NEW YORK (TheStreet) -- Since reaching a 52-week high of $81.49 on June 18, shares of Red Hat (RHT) - Get Report , the world's largest provider of open-source Linux software solutions, have lost as much as 18% of their value. And while the stock has rebounded from their summer lows and is now up almost 4% on the year, Red Hat is still 13% below where it was trading three months ago.
From my vantage point, the Raleigh, N.C.-based company, which reports second-quarter fiscal 2016 earnings results Monday after the closing bell, has done nothing to warrant the punishment the stock has taken. Last quarter, the enterprise cloud and software virtualization specialist, which competes with the likes of VMware (VMW) - Get Report and Citrix (CTXS) - Get Report , extended its streak of consecutive quarterly earnings beats to 11.
Better still, not only did both revenue and earnings exceeded the analysts' average estimates, the company posted adjusted earnings per share of 44 cents, a 29% jump from the year before, while revenue of $481 million was up 14%. Red Hat also logged its thirteenth straight quarter of growth in total revenue and subscription revenue in the mid-teens to 20%+ range.
How has it done this? Red Hat has invested heavily in marketing and R&D, where first-quarter expenses climbed 12% and 8% year over year, respectively. And with Red Hat hinting at slightly higher expenses in the quarters ahead, it would appear the company plans to spend even more in its efforts to out-compete its rivals.
The idea of higher operating costs may have spooked some investors away. But given the rate at which Red Hat is growing revenue and the execution streak it has amassed, it's clear the company is getting returns on its investments. Besides, with the stock trading at price-to-earnings ratio of over 70, against a P/E of 21 for the S&P 500 (SPX) tons of growth is priced into the stock. And growth is what investors can expect Monday when Red Hat's results are released.

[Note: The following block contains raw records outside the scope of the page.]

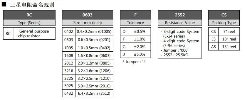 RC:表示電阻的系列名稱。RC表示一般厚膜電阻
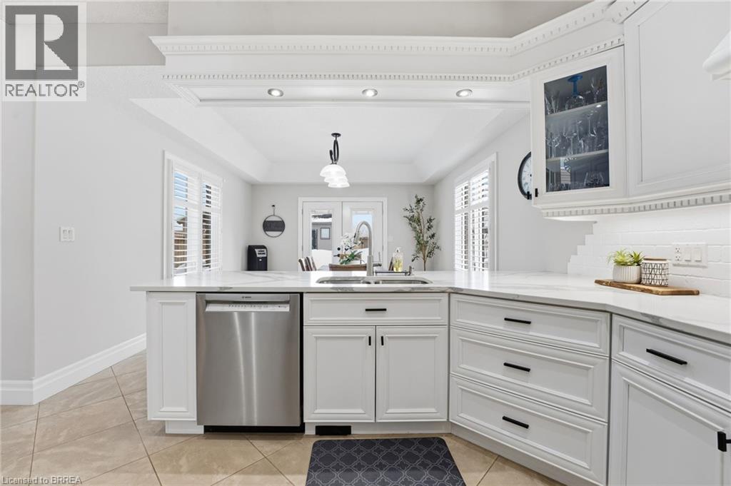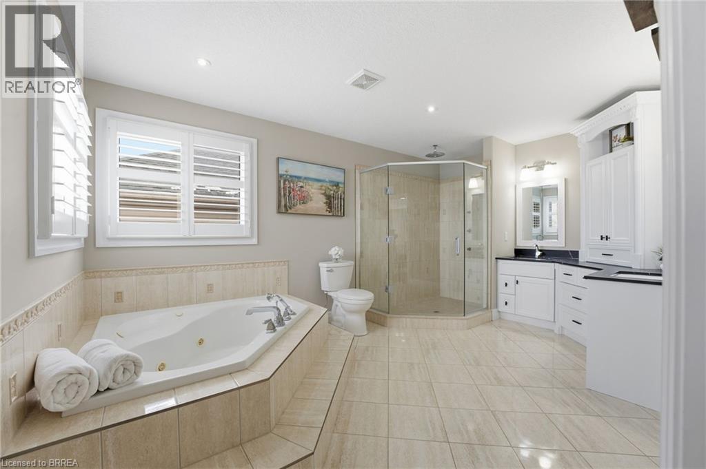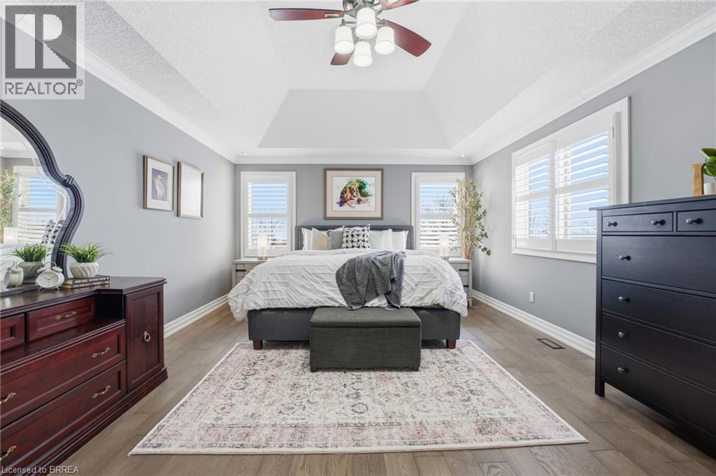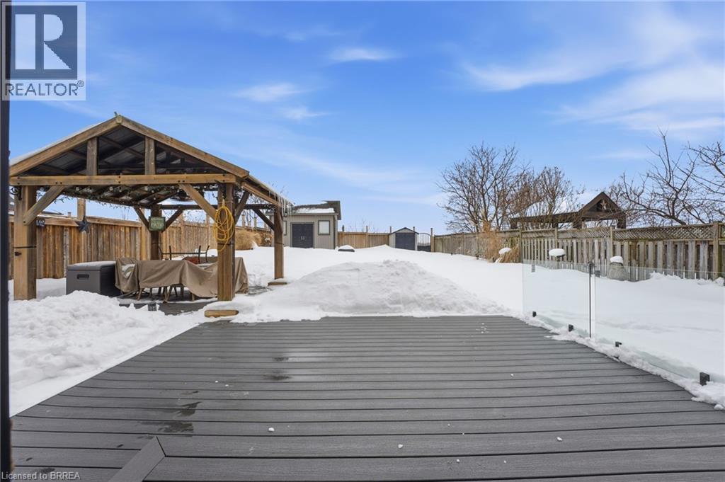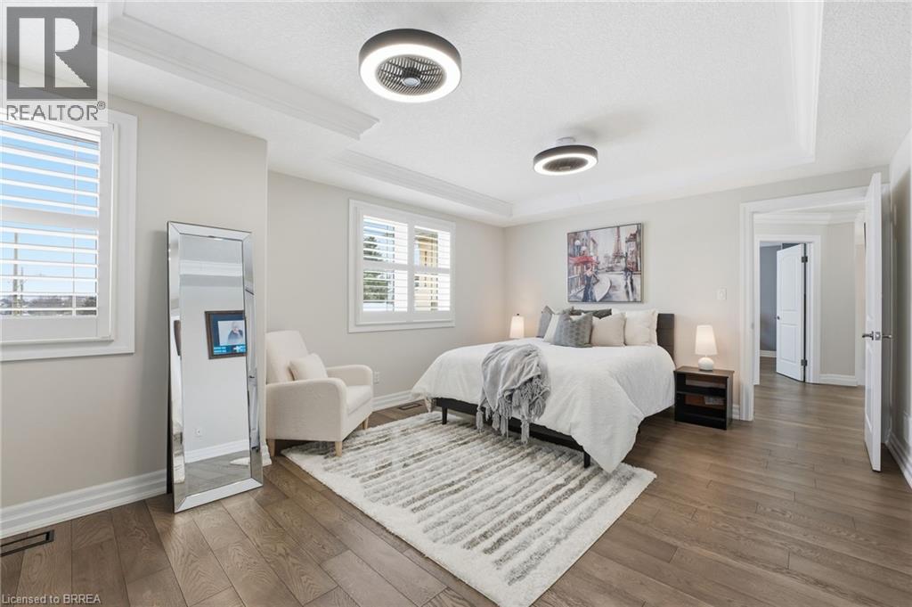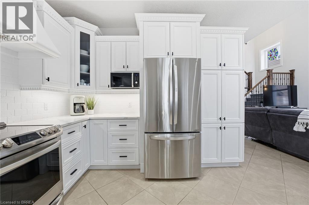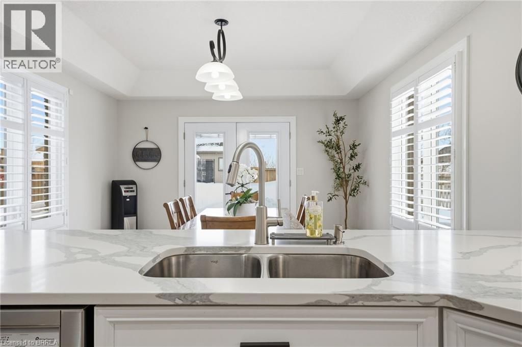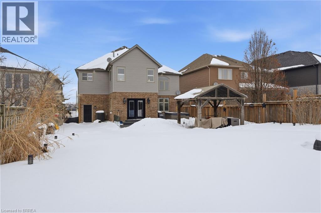 Welcome to 117 Albert St E in Plattsville - this stunning home, finished top to bottom, offering 4,000 sq/ft of beautiful living space and a 3 car garage, you'll be sure to impress. From the moment you arrive, you’ll feel welcomed by this stately home, showcasing a distinguished brick and stucco façade, a concrete driveway, and beautifully manicured gardens that create exceptional curb appeal. Step inside to a home designed for comfortable living and effortless entertaining, where the foyer opens to soaring ceilings, 18 tiles and natural light from the southern exposure. A formal dining room with tray ceilings greets you at the entrance. The main floor living room features dramatic 20-foot ceilings open to the second level, a gas fireplace with cast stone mantel, and large windows overlooking the backyard. The chef’s kitchen offers bright cabinetry, Quartz countertops, stainless steel appliances, and a breakfast bar, flowing into the breakfast nook with French doors leading to the yard. Upstairs, overlooking both the foyer and living room, the impressive primary suite offers tray ceilings, a gas fireplace, and a luxurious five-piece ensuite with heated floors, a soaker tub, glass shower with body jets, double sinks, and a walk-in closet. Three additional generously sized bedrooms, a four-piece main bath, and convenient upper-level laundry are thoughtfully arranged for optimal space and everyday functionality. The fully finished basement offers even more living space, featuring a spacious rec room, a three-piece bathroom, a fifth bedroom, and a dedicated gym. Outside, the home continues to impress with a fully fenced backyard complete with composite decking, a rubber patio, a stunning pergola perfect for summer evenings, and two sheds — including an impressive 16' x 14' workshop-sized shed with Hydro. Updated inside and out, this home is better than new — simply move in this spring, relax, and enjoy! (id:64974)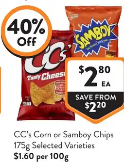 | Cc's corn or samboy chips 175 g | Foodworks | $2.50 | 31 December 2025 | 06 January 2026 | |||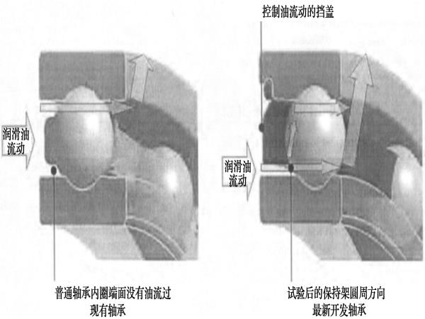 通過(guò)優(yōu)化溝徑尺寸和球徑來(lái)減少球和軸承套圈之間的滑動(dòng)。通過(guò)提高兜孔表面的潤(rùn)滑性和減少球與保持架之間的沖擊力以有效避免兜孔表面的磨損。安裝擋蓋增加潤(rùn)滑油流量;通過(guò)調(diào)整球與保持架兜孔的間隙以及內(nèi)圈外徑與保持架內(nèi)徑的間隙,來(lái)減小球與保持架之間的沖擊力和磨損。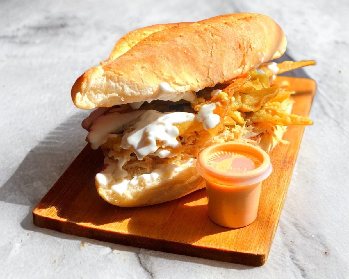 Pan bolillo con proteína a elegir, salsa a elegir y guarniciones.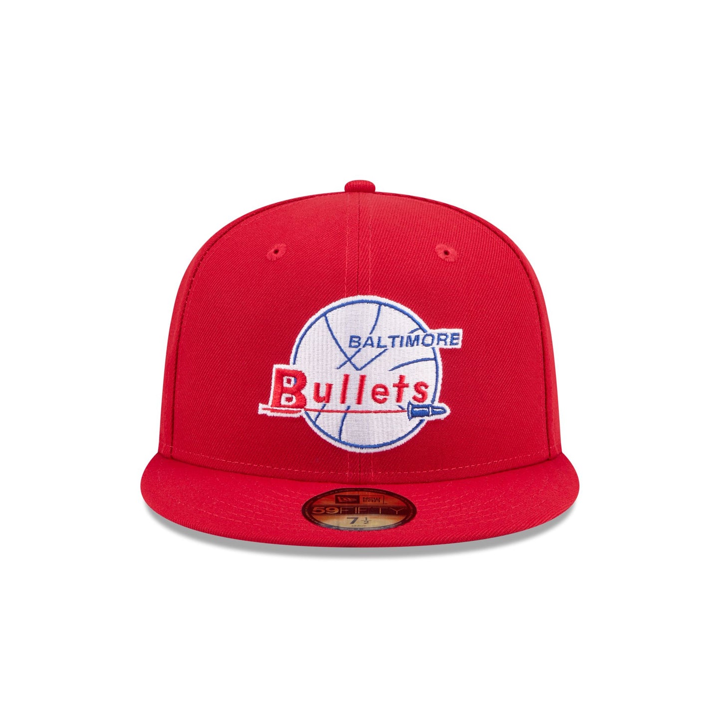 The Baltimore Bullets 1963-1968 Hardwood Classics 59FIFTY Fitted Cap features an embroidered vintage Bullets logo at the front panels with the NBA Logoman at the rear and a gray undervisor.

For the quarter that ended August, analysts' average earnings estimate is for 44 cents a share on revenue of $494.65 million, increases of 7% and 11%, respectively. For the full year ending February 2016, earnings per share are projected to climb 14% to $1.83, while revenue of $2.05 billion would mark an increase of more than 14%.
That both full-year revenue and earnings are projected to grow in that mid-teen range underscores what Red Hat has been able to do in terms of execution. Accordingly, investors should want to own its stock, which has a consensus buy rating and is poised to deliver 20% gains in the next year, based on its average 12-month price target of $85.
This article is commentary by an independent contributor. At the time of publication, the author held no positions in the stocks mentioned.